Rovers North
- Company type: Private
- Industry: Automotive Parts
- Founded: 1979
- Headquarters: Westford, Vermont, United States
- Key people: Mark Letorney, founder Andrea Letorney, founder Calef Letorney, CEO
- Number of employees: 34+
- Website: RoversNorth.com

= Rovers North =

American Land Rover parts dealer

Rovers North Inc is a privately held Land Rover parts dealer located in Westford, Vermont, United States. The company supports all original Land Rover models specializing in the Defender, Series II and III. They offer the entire range of Land Rover Genuine Parts direct from Land Rover UK, as well as publish North America's largest Land Rover publication, Rovers Magazine.

Mark and Andrea Letorney founded the company in 1979. In June of 2024, Rovers North became 100% employee owned when the Letorney family sold their shares of the company to a trust, creating an employee stock ownership plan.

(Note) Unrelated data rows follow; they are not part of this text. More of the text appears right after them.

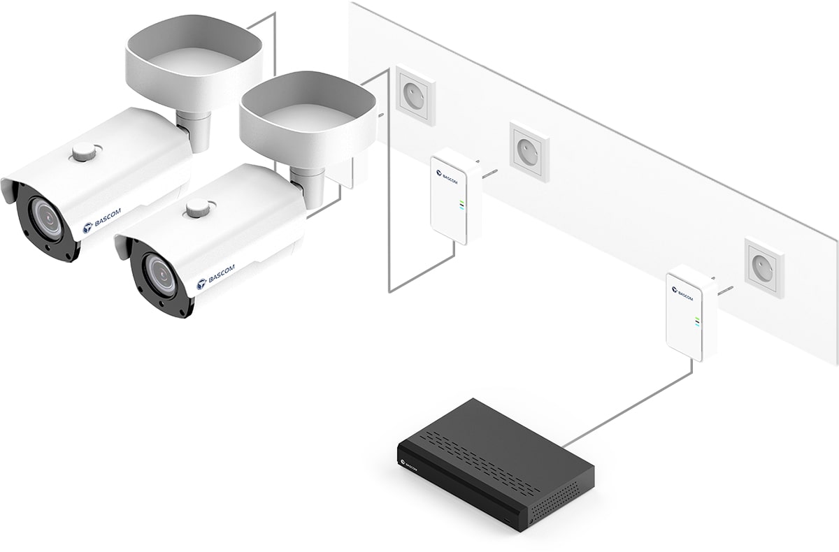 This camera system features Bascom® POWER – our groundbreaking technology for transmitting video footage via your mains power lines. Simply plug the cameras into a power socket and they’ll automatically connect to the recorder using your existing electrical wiring. This gives you the reliability of a wired connection without having to run any cables yourself.
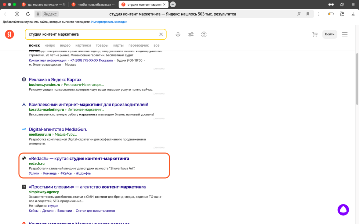 Мы в Redach обладаем богатым опытом и глубокими знаниями в области поискового продвижения. Нам удалось добиться офигительных результатов — сейчас мы находимся в топе поиска по высокочастотному запросу, то есть мы ПЕРВЫЕ в поиске по запросу «студия контент-маркетинга», после рекламы, естественно. Это как нельзя лучше подтверждает нашу компетентность в области SEO-продвижения. Пишите, если хотите так же.
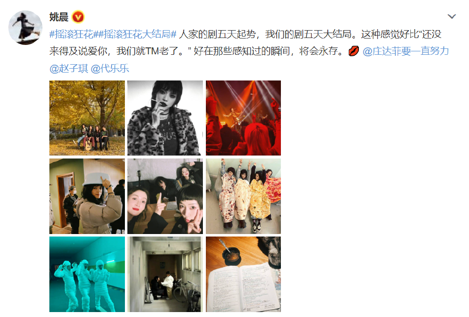 -组图:姚晨发文告别《摇滚狂花》:那些感知过的瞬间将会永存
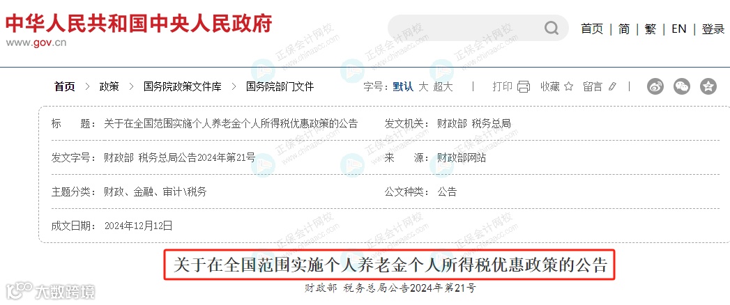 自2024年1月1日起,在全国范围实施个人养老金递延纳税优惠政策:
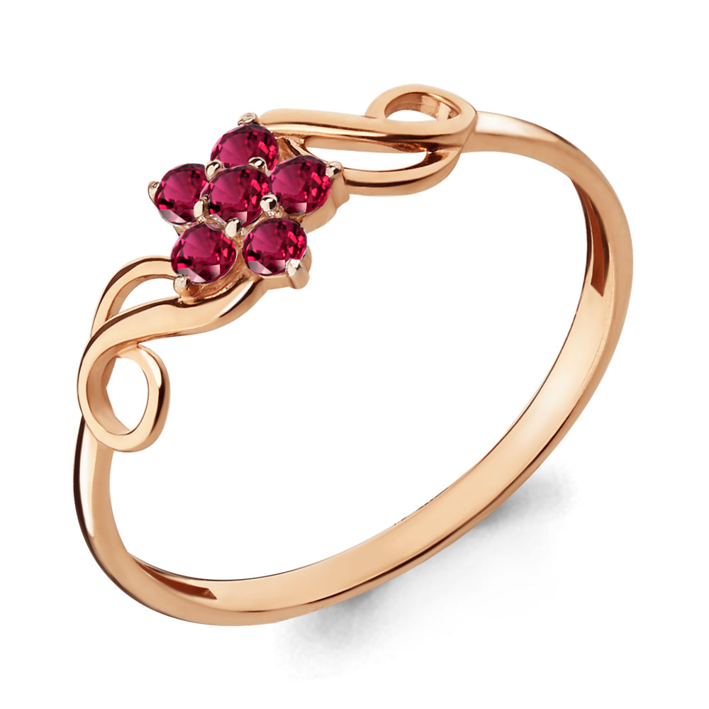 Изящное кольцо из красного золота 585 пробы с очаровательным декором из ярких рубиновых корундов очень красиво и утонченно смотрится на руке. Украшение дополнит женственный образ изысканным блеском и ярким акцентом камней, и эффектно подчеркнет красоту и очарование владелицы. Приобретайте ювелирное кольцо выгодно в магазинах Мир Золота.
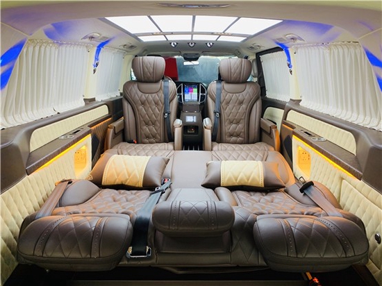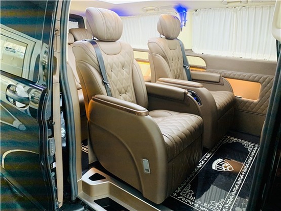 奔驰威霆整车环保真皮包裹,游艇级柚木地板铺设,奢华感无处不在,全部选用真皮制作,奢华木饰装点,带有按摩加热通风功用,后舱前为两个独立航空座椅,第二排座椅装置进口首席航空座椅,加热通风按摩功用完全,最大限度的减缓您的乘车疲乏,八向电动调理,电动头枕,电动腿托,前后电动调理,电动靠背调理,第三排为一组沙发座椅(可电动展平,形成一张舒适的沙发床)。
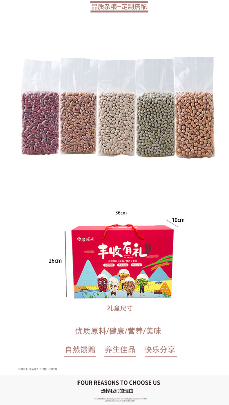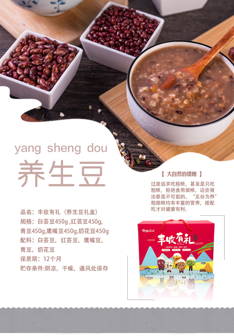 商品名称:(巨邦佑)BJ+屈姑丰收有礼(养生豆礼盒)2250g 白芸豆红芸豆青豆鹰嘴豆奶花豆
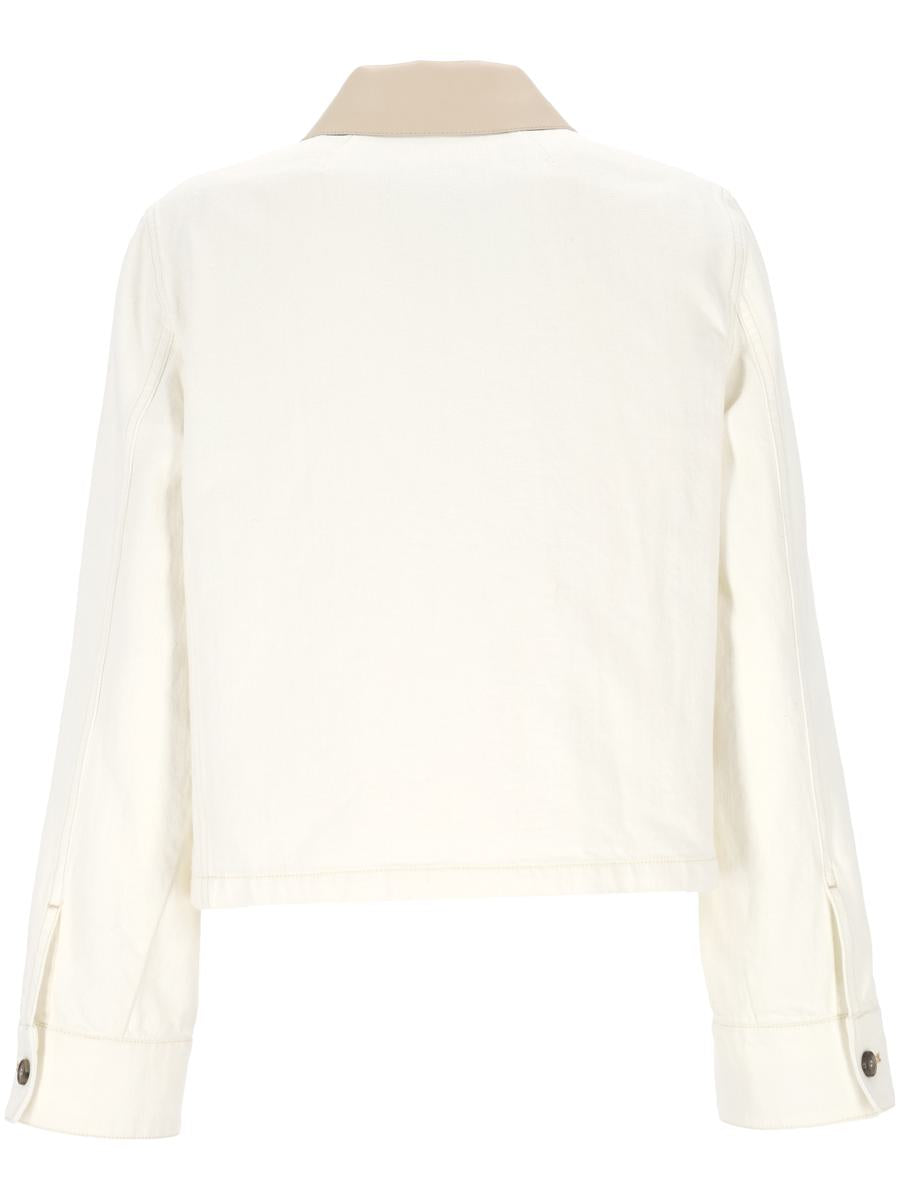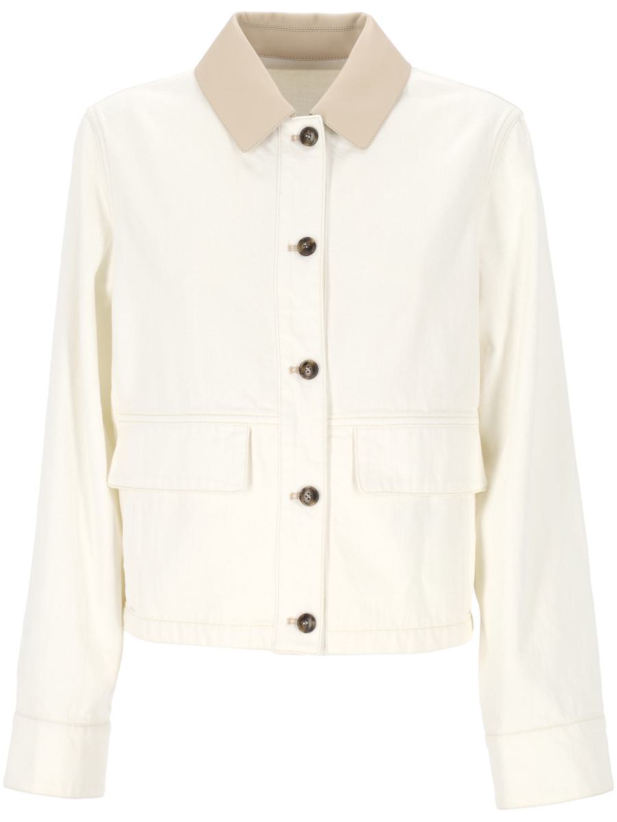 White front button fastening buttoned cuffs two side slit pockets contrasting collar

Rovers North has been a direct distributor of Land Rover Genuine Parts since 1985. Rovers North offers its ProLine parts alongside the genuine parts. Sourced from a variety of manufacturers, ProLine is an alternative when a Genuine Part is no longer available or a lower cost replacement is preferred.

Rovers North was featured in the May 1994 Car and Driver article titled "Eight Miles, Seven Hours".